→ INFORMATION SHOWN:
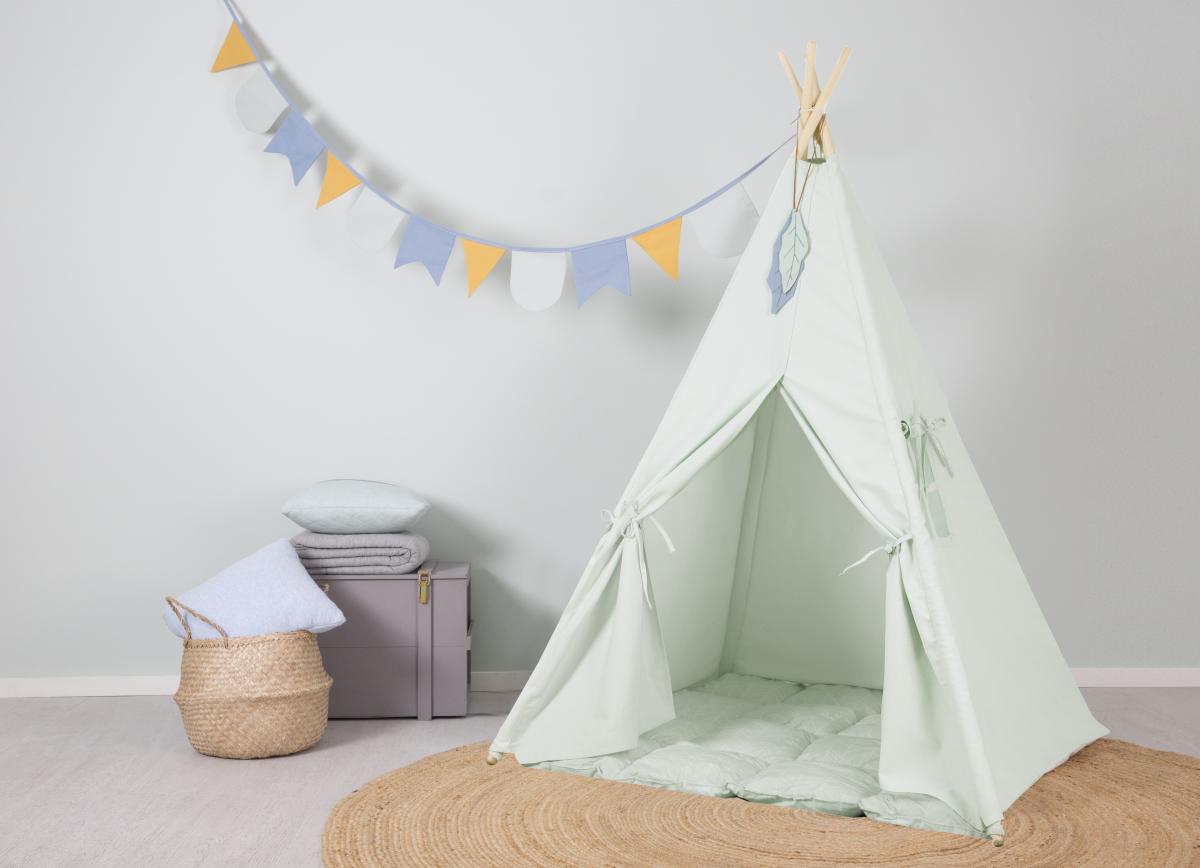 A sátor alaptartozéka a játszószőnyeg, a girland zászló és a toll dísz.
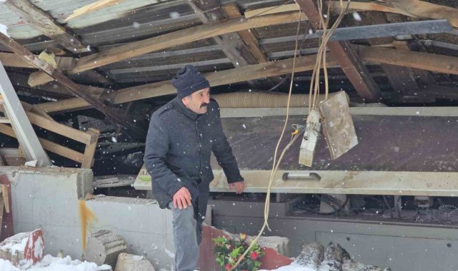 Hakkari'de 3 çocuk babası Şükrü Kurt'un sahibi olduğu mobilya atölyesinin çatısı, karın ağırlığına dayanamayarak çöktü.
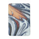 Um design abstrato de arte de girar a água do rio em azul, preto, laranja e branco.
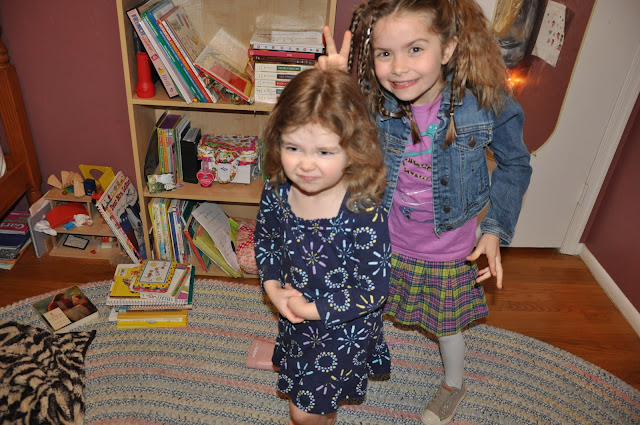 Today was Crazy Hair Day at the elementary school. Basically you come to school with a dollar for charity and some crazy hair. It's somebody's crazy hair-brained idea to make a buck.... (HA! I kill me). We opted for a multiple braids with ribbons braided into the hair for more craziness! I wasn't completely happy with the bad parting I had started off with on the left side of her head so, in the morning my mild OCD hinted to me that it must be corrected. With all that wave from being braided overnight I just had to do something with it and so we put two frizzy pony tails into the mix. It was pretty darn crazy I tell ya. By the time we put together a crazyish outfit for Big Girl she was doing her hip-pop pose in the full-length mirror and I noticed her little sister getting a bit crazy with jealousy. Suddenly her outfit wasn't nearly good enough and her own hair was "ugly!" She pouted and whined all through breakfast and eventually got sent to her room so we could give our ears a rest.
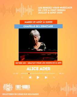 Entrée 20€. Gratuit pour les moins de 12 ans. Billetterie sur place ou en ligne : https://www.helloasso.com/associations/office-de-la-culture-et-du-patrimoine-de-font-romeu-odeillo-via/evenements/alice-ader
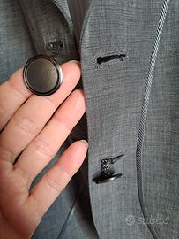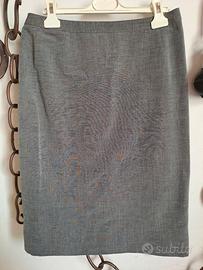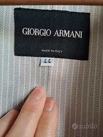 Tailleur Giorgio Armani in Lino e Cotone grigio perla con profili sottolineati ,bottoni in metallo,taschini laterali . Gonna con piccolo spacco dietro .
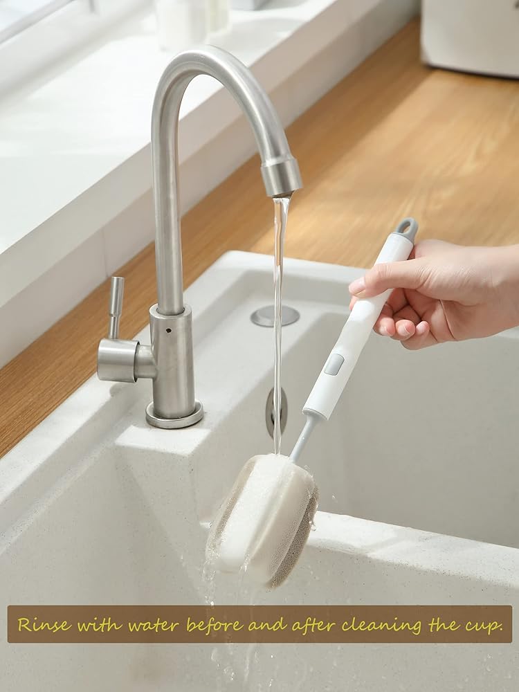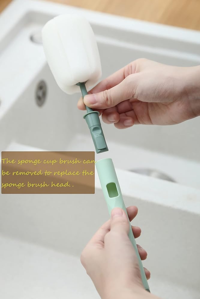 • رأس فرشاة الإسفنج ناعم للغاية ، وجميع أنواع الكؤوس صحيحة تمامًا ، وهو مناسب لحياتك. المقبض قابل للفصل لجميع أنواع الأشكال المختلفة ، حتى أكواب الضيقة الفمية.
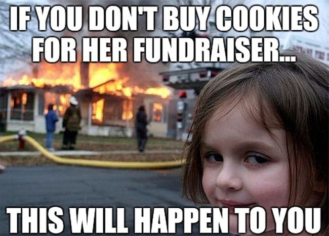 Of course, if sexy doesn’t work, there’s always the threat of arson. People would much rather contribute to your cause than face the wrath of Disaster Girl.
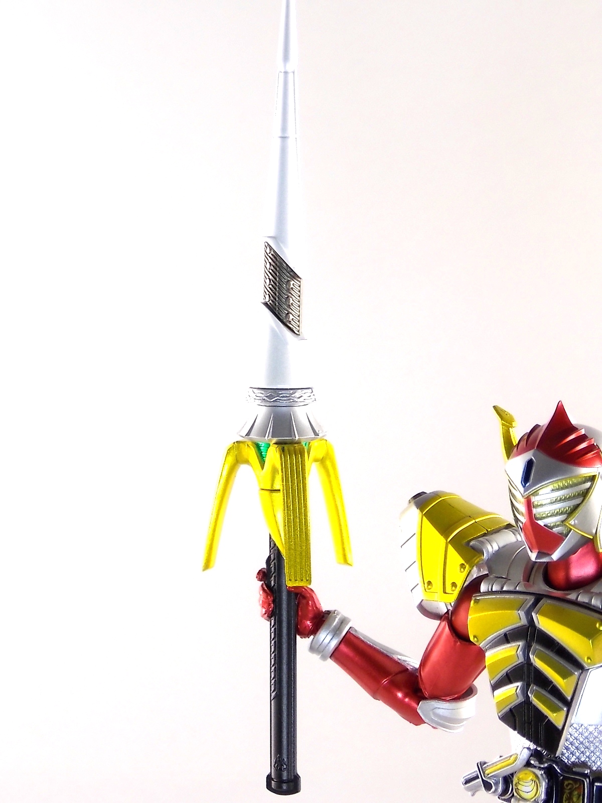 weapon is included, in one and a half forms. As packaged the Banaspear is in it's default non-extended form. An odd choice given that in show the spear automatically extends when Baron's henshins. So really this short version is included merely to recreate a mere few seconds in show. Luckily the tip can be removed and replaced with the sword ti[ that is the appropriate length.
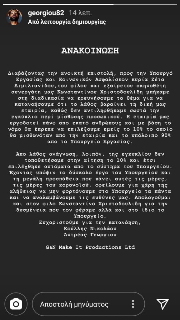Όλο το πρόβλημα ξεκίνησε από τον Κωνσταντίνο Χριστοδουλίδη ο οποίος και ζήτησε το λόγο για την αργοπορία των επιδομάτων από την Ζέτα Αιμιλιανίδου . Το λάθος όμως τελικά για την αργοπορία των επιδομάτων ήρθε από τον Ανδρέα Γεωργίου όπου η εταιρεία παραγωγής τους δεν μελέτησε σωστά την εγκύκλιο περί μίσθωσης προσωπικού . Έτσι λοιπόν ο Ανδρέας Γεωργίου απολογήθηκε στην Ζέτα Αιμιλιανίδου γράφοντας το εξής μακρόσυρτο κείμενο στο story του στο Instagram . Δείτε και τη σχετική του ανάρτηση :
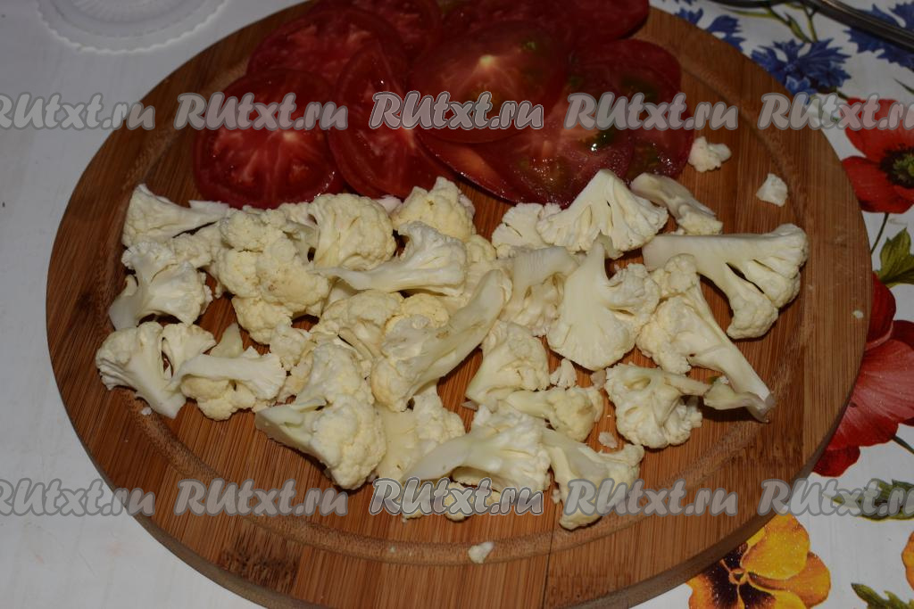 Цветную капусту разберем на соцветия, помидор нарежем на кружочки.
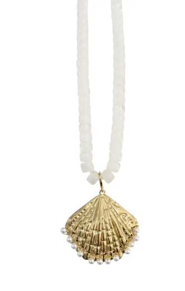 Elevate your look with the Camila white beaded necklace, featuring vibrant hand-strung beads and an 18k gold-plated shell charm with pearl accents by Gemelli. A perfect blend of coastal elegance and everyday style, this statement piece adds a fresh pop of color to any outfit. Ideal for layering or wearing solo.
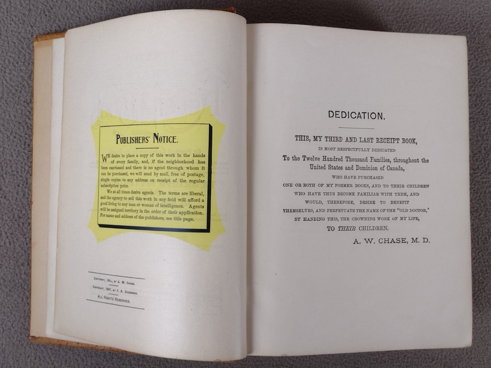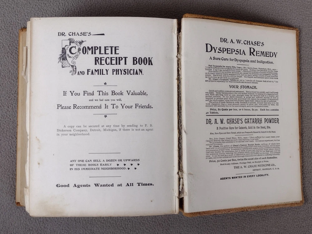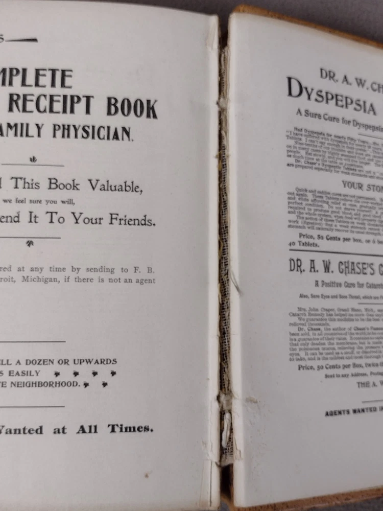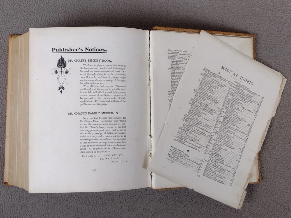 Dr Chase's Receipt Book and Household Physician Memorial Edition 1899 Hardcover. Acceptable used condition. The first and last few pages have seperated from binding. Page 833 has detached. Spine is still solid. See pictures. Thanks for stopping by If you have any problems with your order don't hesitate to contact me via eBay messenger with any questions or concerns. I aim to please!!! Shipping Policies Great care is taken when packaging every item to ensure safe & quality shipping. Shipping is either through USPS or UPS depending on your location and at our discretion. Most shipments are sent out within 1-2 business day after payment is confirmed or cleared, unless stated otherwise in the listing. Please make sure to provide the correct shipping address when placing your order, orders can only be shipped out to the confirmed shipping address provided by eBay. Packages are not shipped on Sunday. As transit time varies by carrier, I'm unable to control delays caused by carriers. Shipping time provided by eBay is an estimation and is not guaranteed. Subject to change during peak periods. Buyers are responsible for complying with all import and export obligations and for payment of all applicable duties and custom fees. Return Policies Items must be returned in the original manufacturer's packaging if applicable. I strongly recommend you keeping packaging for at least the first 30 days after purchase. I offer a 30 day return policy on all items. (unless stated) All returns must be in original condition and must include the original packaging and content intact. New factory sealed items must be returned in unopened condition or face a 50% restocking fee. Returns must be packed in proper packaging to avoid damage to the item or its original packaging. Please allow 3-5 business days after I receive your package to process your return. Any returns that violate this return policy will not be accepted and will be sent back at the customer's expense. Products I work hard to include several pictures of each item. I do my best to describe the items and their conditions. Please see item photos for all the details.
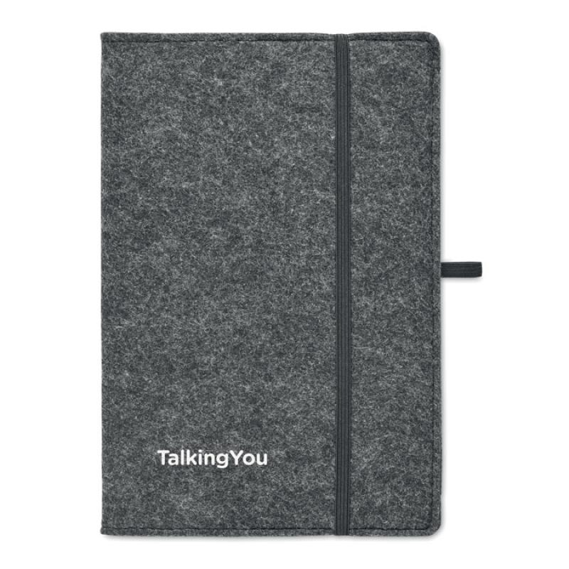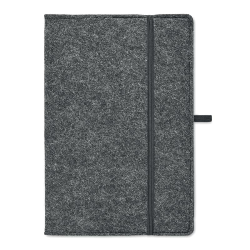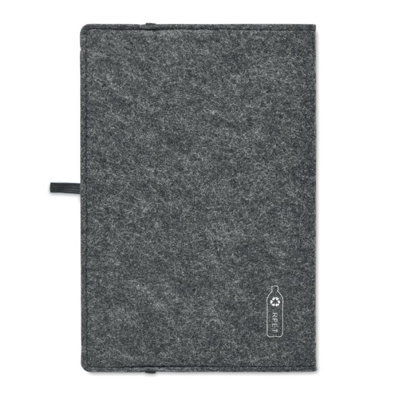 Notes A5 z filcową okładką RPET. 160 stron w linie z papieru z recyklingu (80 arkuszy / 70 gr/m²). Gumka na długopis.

→ TASK REQUIREMENTS: In the listing above, find the line with "Tailleur Giorgio Armani" and the line with "Of course, if". Set down exactly those lines and everything between them, skipping pictures.

→ RESULT:
 Tailleur Giorgio Armani in Lino e Cotone grigio perla con profili sottolineati ,bottoni in metallo,taschini laterali . Gonna con piccolo spacco dietro .
 • رأس فرشاة الإسفنج ناعم للغاية ، وجميع أنواع الكؤوس صحيحة تمامًا ، وهو مناسب لحياتك. المقبض قابل للفصل لجميع أنواع الأشكال المختلفة ، حتى أكواب الضيقة الفمية.
 Of course, if sexy doesn’t work, there’s always the threat of arson. People would much rather contribute to your cause than face the wrath of Disaster Girl.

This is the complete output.